**What is required**
Give back the full listing exactly, setting the pictures aside.

**Data to process**
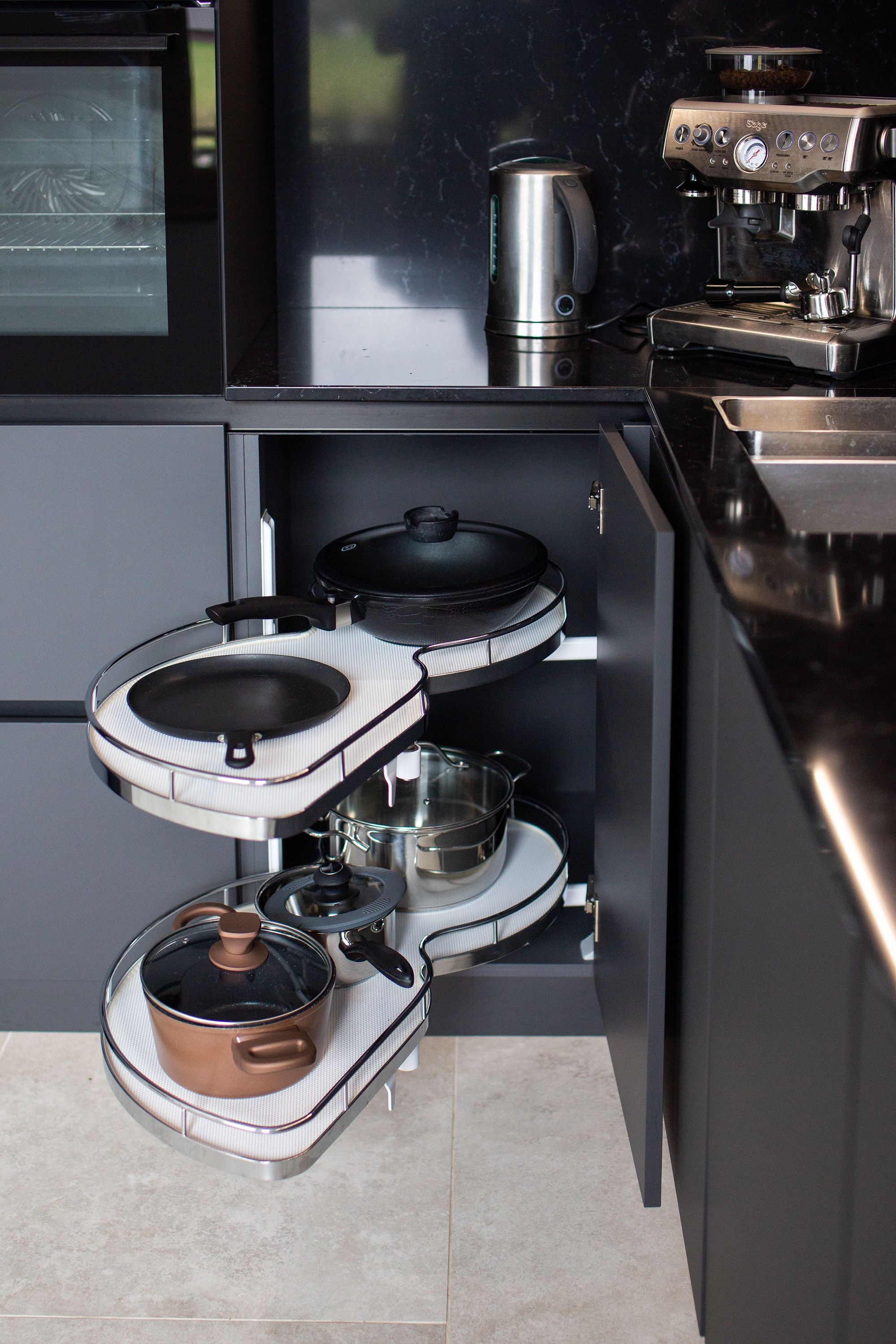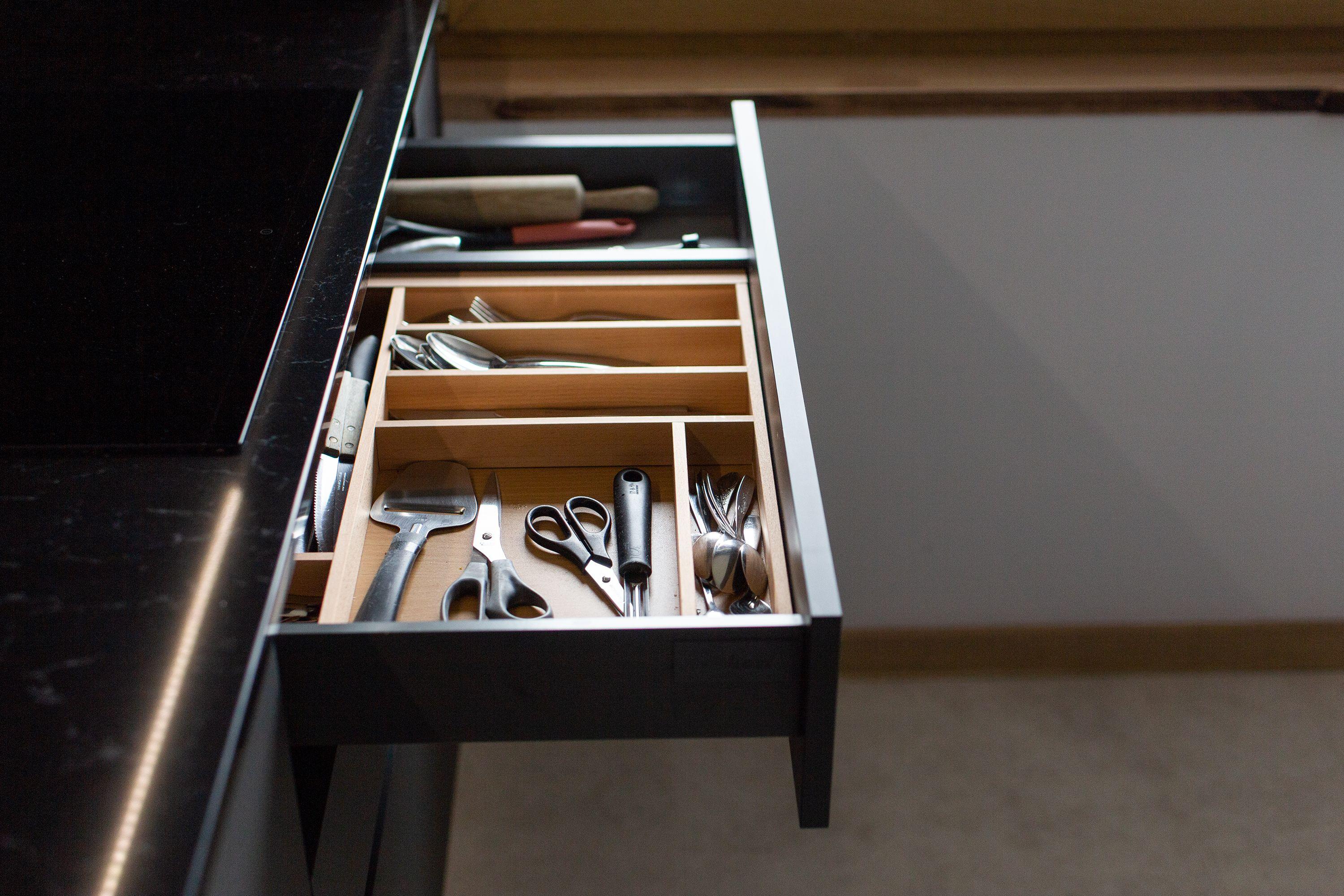 Klientiem svarīgs faktors bija materiālu viegla kopšana un izturība pret mehānisko iedarbību. Sienas skapīšiem bija jābūt ērti lietojamiem, ar ko lieliski tiek galā Blum Aventos mehānismi ar elektrisko Servo pacelšanu.
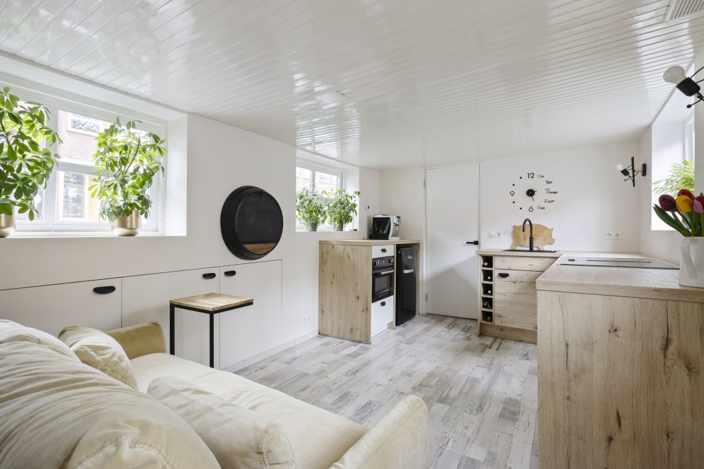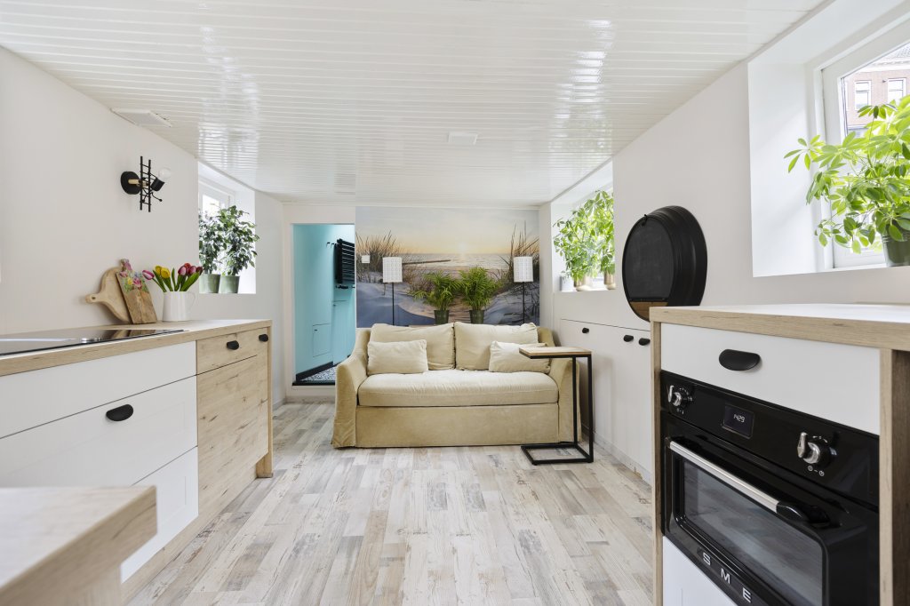 Bij mooi weer schuif je het luik aan de achterzijde open en sta je zo op je eigen knusse terras aan het water, waar je een kop koffie kun drinken of borrelen met uitzicht op de langsvarende bootjes en de historische stad. Als kers op de taart wordt de woonboot geleverd inclusief een eigen sloep – ideaal voor een spontane tocht over de grachten.
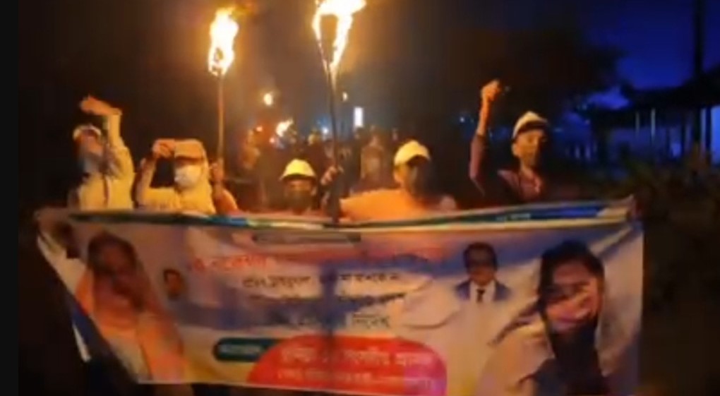 কুমিল্লা-চাঁদপুর মহাসড়কের সদর দক্ষিণ-লালমাই উপজেলার সীমান্তবর্তী বাংলাদেশ বেতার এলাকায় মশাল মিছিল করেছে নিষিদ্ধঘোষিত ছাত্রলীগের নেতাকর্মীরা।
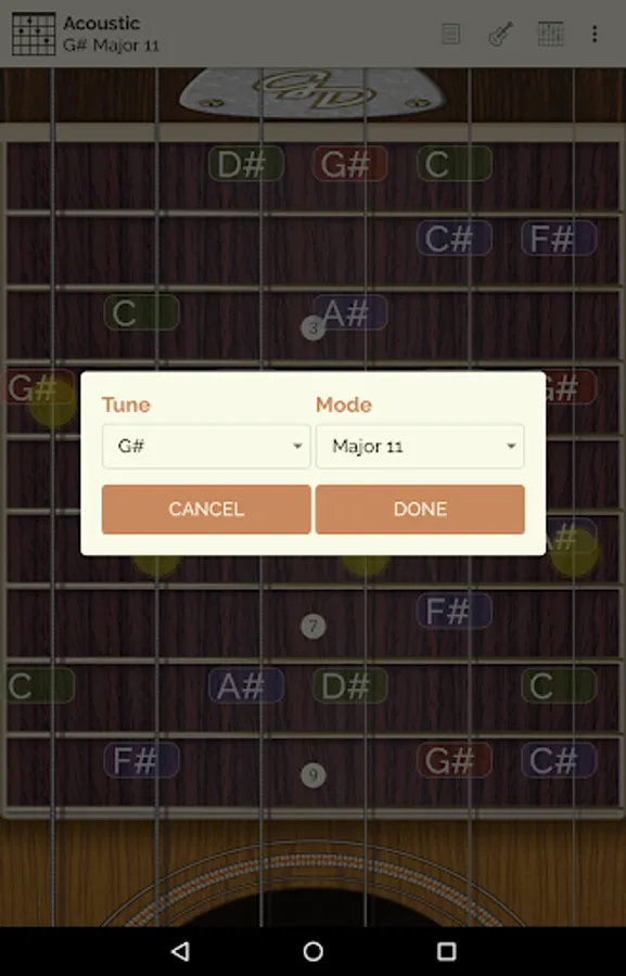 Guitar Droid lite is a multitouch configurable guitar with 24 scale types, 18 chord types, configurable tunings, sound effects and audio engine with up to 16 simultaneous voices .
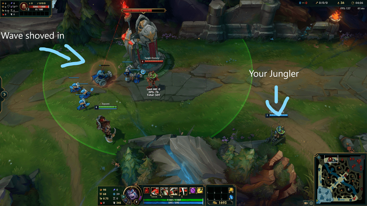 After working through this checklist and you have determined you are stronger, you have more cooldowns available, your Jungler is nearby and able to help you in your dive, and the enemy does not have any reinforcements coming, it is time to set up the dive. First and foremost, push the wave. Like really hard. Make sure you lose as few minions as possible so you are able to have as much time before commencing your dive. After your wave is shoved in, it is important to call some additional help. Whether that is your Mid Laner, Jungler, or just a 2v1 in the Bot Lane, you want all of the odds to be in your favor for a dive in Solo Queue. After you have some help, and you are positive no other help is coming for your opponents, it's time to start the dive. Diving is all about being able to deal enough damage while avoiding as much as possible from the turret.
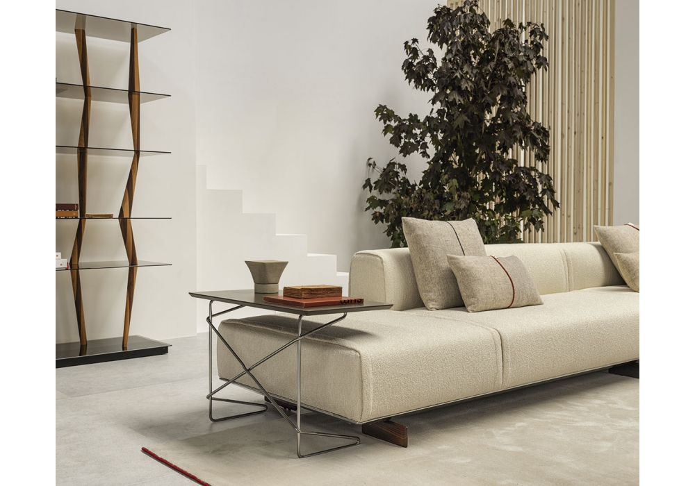 Coleman conçu par Ludovica & Roberto Palomba pour Casamania & Horm est un canapé réalisé avec structure en aluminium, pieds en noyer Canaletto massif avec âme en métal, coussins en mousse de polyuréthane à haute résilience de différentes densités. Les coussins reposent sur des sangles élastiques à haute teneur en caoutchouc insérées dans le cadre en aluminium. Disponible en différentes compositions.
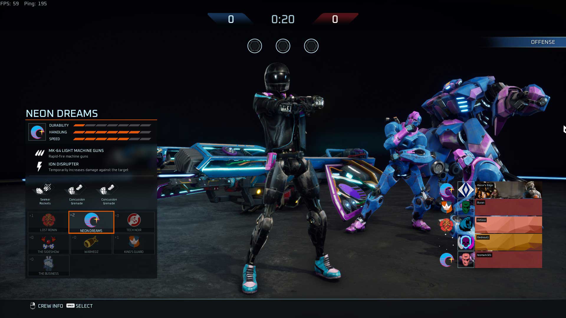 این تست بتا روی سه پلتفرم پلیاستیشن ۴، ایکسباکس وان و پیسی (از طریق استیم) برگزار شد که دو روز اول به صورت خصوصی و دو روز دیگر عمومی بود. در Disintegration مخاطب کنترل یک فرمانده را بر عهده دارد که سوار یک سفینهی جنگی به نام Gravcycle میشود و همزمان رهبری یک گروه از مبارزان را هم بر عهده میگیرد. فرماندهان در بازی حکم هیرو را دارند که هر کدام سفینه و گروهی با قابلیتهای متفاوت را در اختیار دارد. در تست بتا هفت فرمانده مختلف در دسترس قرار داشت که تنوع خوبی هم داشتند؛ از ظاهر که سامورایی و شوالیه تا دلقک و تیپهای پانک و رترو را شامل میشود گرفته تا نوع سلاحها و تواناییهای گروه. با توجه به این موارد، برخی هیروها زمان بیشتری برای حرفهای شدن در کنترلشان نیاز دارند. مثلا The Sideshow از یک سلاح پرتاب نارنجک بهره میبرد که منفجر کردن آنها با یک دکمهی جدا انجام میشود و از سوی دیگر یه گروه چهار نفره در اختیار دارد که بزرگترین گروه حساب میشود. این قابلیتها پیچیدگی تاکتیکی این هیرو را بالا میبرد، ولی در عین حال تسلط رویشان زمان میبرد. بهشخصه Neon Dreams و Tech Noir را به بقیه ترجیح دادم؛ اولی خط سلامتی زیادی ندارد، اما مانور زیادی برای حرکت دارد و میتوان با کمی دقت بهسرعت از موقعیتهای خطرناک نجات پیدا کرد. ماشینگان نسبتا قدرتمند و قابلیتهای کارآمد گروه مثل موشکهای دوربرد او را به یک مبارز بسیار مناسبت تبدیل میکند. هیروی Tech Noir هم یک ساپورت به حساب میآید؛ یک سلاح دارد که سلامتی یاران را بهبود میبخشد و با یکی از قابلیتها، دشمنان را در محدودهی مشخص آهسته میکند تا کار نابودیشان راحتتر انجام شود.
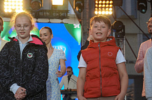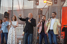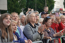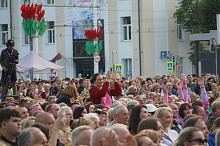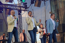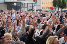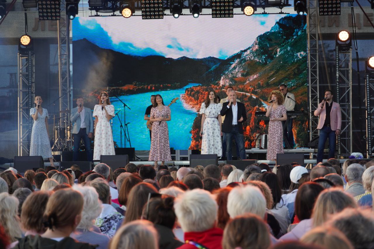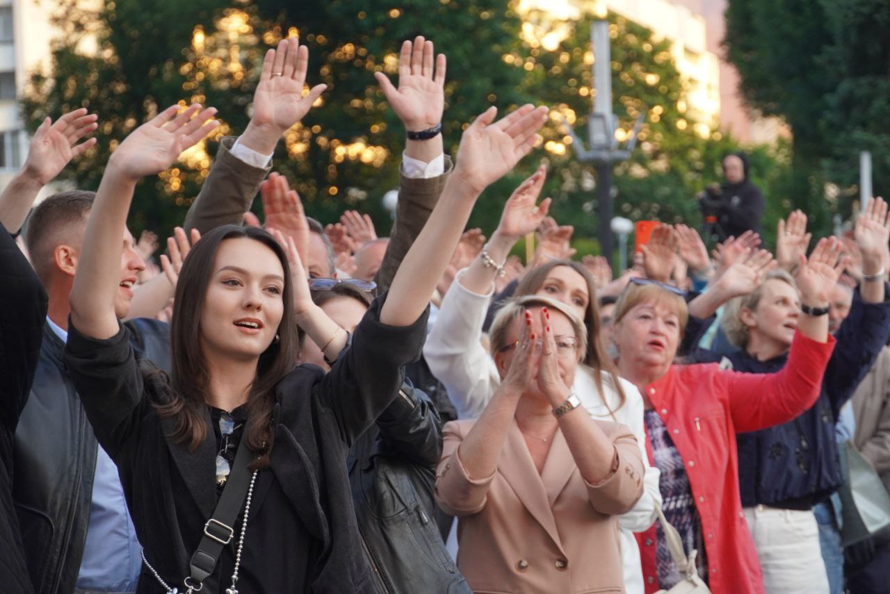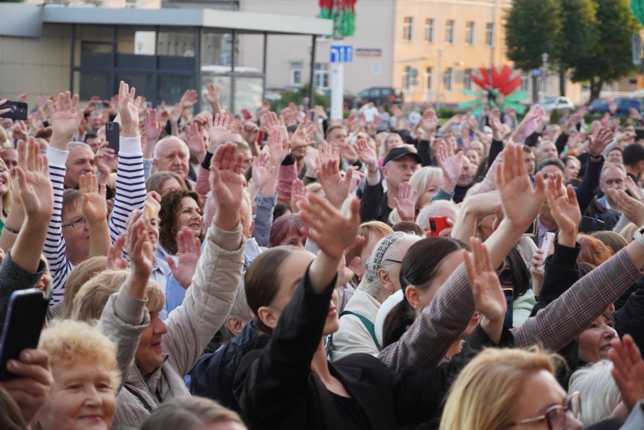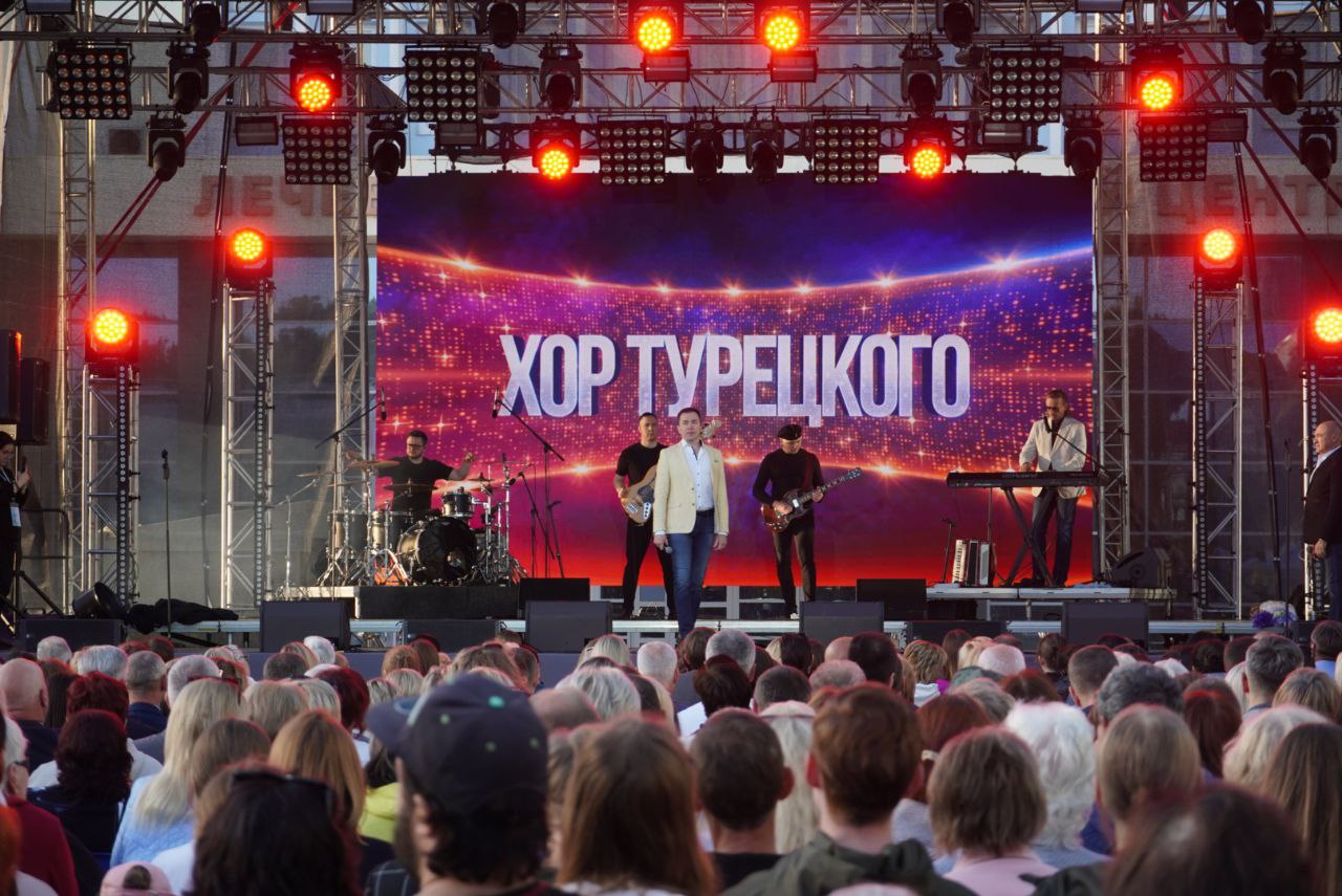 Музыкальный коллектив «Хор Турецкого» выступил на площади Единства в Могилеве с концертной программой «Песни Победы». Со сцены прозвучали искренние и трогательные композиции о мире, подвиге и любви: от пронзительного «Бухенвальдского набата» до всеми любимых «Катюши» и «Смуглянки». Специальным гостем мероприятия стало шоу женских голосов SOPRANO.

**Exercise output**
 Klientiem svarīgs faktors bija materiālu viegla kopšana un izturība pret mehānisko iedarbību. Sienas skapīšiem bija jābūt ērti lietojamiem, ar ko lieliski tiek galā Blum Aventos mehānismi ar elektrisko Servo pacelšanu.
 Bij mooi weer schuif je het luik aan de achterzijde open en sta je zo op je eigen knusse terras aan het water, waar je een kop koffie kun drinken of borrelen met uitzicht op de langsvarende bootjes en de historische stad. Als kers op de taart wordt de woonboot geleverd inclusief een eigen sloep – ideaal voor een spontane tocht over de grachten.
 কুমিল্লা-চাঁদপুর মহাসড়কের সদর দক্ষিণ-লালমাই উপজেলার সীমান্তবর্তী বাংলাদেশ বেতার এলাকায় মশাল মিছিল করেছে নিষিদ্ধঘোষিত ছাত্রলীগের নেতাকর্মীরা।
 Guitar Droid lite is a multitouch configurable guitar with 24 scale types, 18 chord types, configurable tunings, sound effects and audio engine with up to 16 simultaneous voices .
 After working through this checklist and you have determined you are stronger, you have more cooldowns available, your Jungler is nearby and able to help you in your dive, and the enemy does not have any reinforcements coming, it is time to set up the dive. First and foremost, push the wave. Like really hard. Make sure you lose as few minions as possible so you are able to have as much time before commencing your dive. After your wave is shoved in, it is important to call some additional help. Whether that is your Mid Laner, Jungler, or just a 2v1 in the Bot Lane, you want all of the odds to be in your favor for a dive in Solo Queue. After you have some help, and you are positive no other help is coming for your opponents, it's time to start the dive. Diving is all about being able to deal enough damage while avoiding as much as possible from the turret.
 Coleman conçu par Ludovica & Roberto Palomba pour Casamania & Horm est un canapé réalisé avec structure en aluminium, pieds en noyer Canaletto massif avec âme en métal, coussins en mousse de polyuréthane à haute résilience de différentes densités. Les coussins reposent sur des sangles élastiques à haute teneur en caoutchouc insérées dans le cadre en aluminium. Disponible en différentes compositions.
 این تست بتا روی سه پلتفرم پلیاستیشن ۴، ایکسباکس وان و پیسی (از طریق استیم) برگزار شد که دو روز اول به صورت خصوصی و دو روز دیگر عمومی بود. در Disintegration مخاطب کنترل یک فرمانده را بر عهده دارد که سوار یک سفینهی جنگی به نام Gravcycle میشود و همزمان رهبری یک گروه از مبارزان را هم بر عهده میگیرد. فرماندهان در بازی حکم هیرو را دارند که هر کدام سفینه و گروهی با قابلیتهای متفاوت را در اختیار دارد. در تست بتا هفت فرمانده مختلف در دسترس قرار داشت که تنوع خوبی هم داشتند؛ از ظاهر که سامورایی و شوالیه تا دلقک و تیپهای پانک و رترو را شامل میشود گرفته تا نوع سلاحها و تواناییهای گروه. با توجه به این موارد، برخی هیروها زمان بیشتری برای حرفهای شدن در کنترلشان نیاز دارند. مثلا The Sideshow از یک سلاح پرتاب نارنجک بهره میبرد که منفجر کردن آنها با یک دکمهی جدا انجام میشود و از سوی دیگر یه گروه چهار نفره در اختیار دارد که بزرگترین گروه حساب میشود. این قابلیتها پیچیدگی تاکتیکی این هیرو را بالا میبرد، ولی در عین حال تسلط رویشان زمان میبرد. بهشخصه Neon Dreams و Tech Noir را به بقیه ترجیح دادم؛ اولی خط سلامتی زیادی ندارد، اما مانور زیادی برای حرکت دارد و میتوان با کمی دقت بهسرعت از موقعیتهای خطرناک نجات پیدا کرد. ماشینگان نسبتا قدرتمند و قابلیتهای کارآمد گروه مثل موشکهای دوربرد او را به یک مبارز بسیار مناسبت تبدیل میکند. هیروی Tech Noir هم یک ساپورت به حساب میآید؛ یک سلاح دارد که سلامتی یاران را بهبود میبخشد و با یکی از قابلیتها، دشمنان را در محدودهی مشخص آهسته میکند تا کار نابودیشان راحتتر انجام شود.
 Музыкальный коллектив «Хор Турецкого» выступил на площади Единства в Могилеве с концертной программой «Песни Победы». Со сцены прозвучали искренние и трогательные композиции о мире, подвиге и любви: от пронзительного «Бухенвальдского набата» до всеми любимых «Катюши» и «Смуглянки». Специальным гостем мероприятия стало шоу женских голосов SOPRANO.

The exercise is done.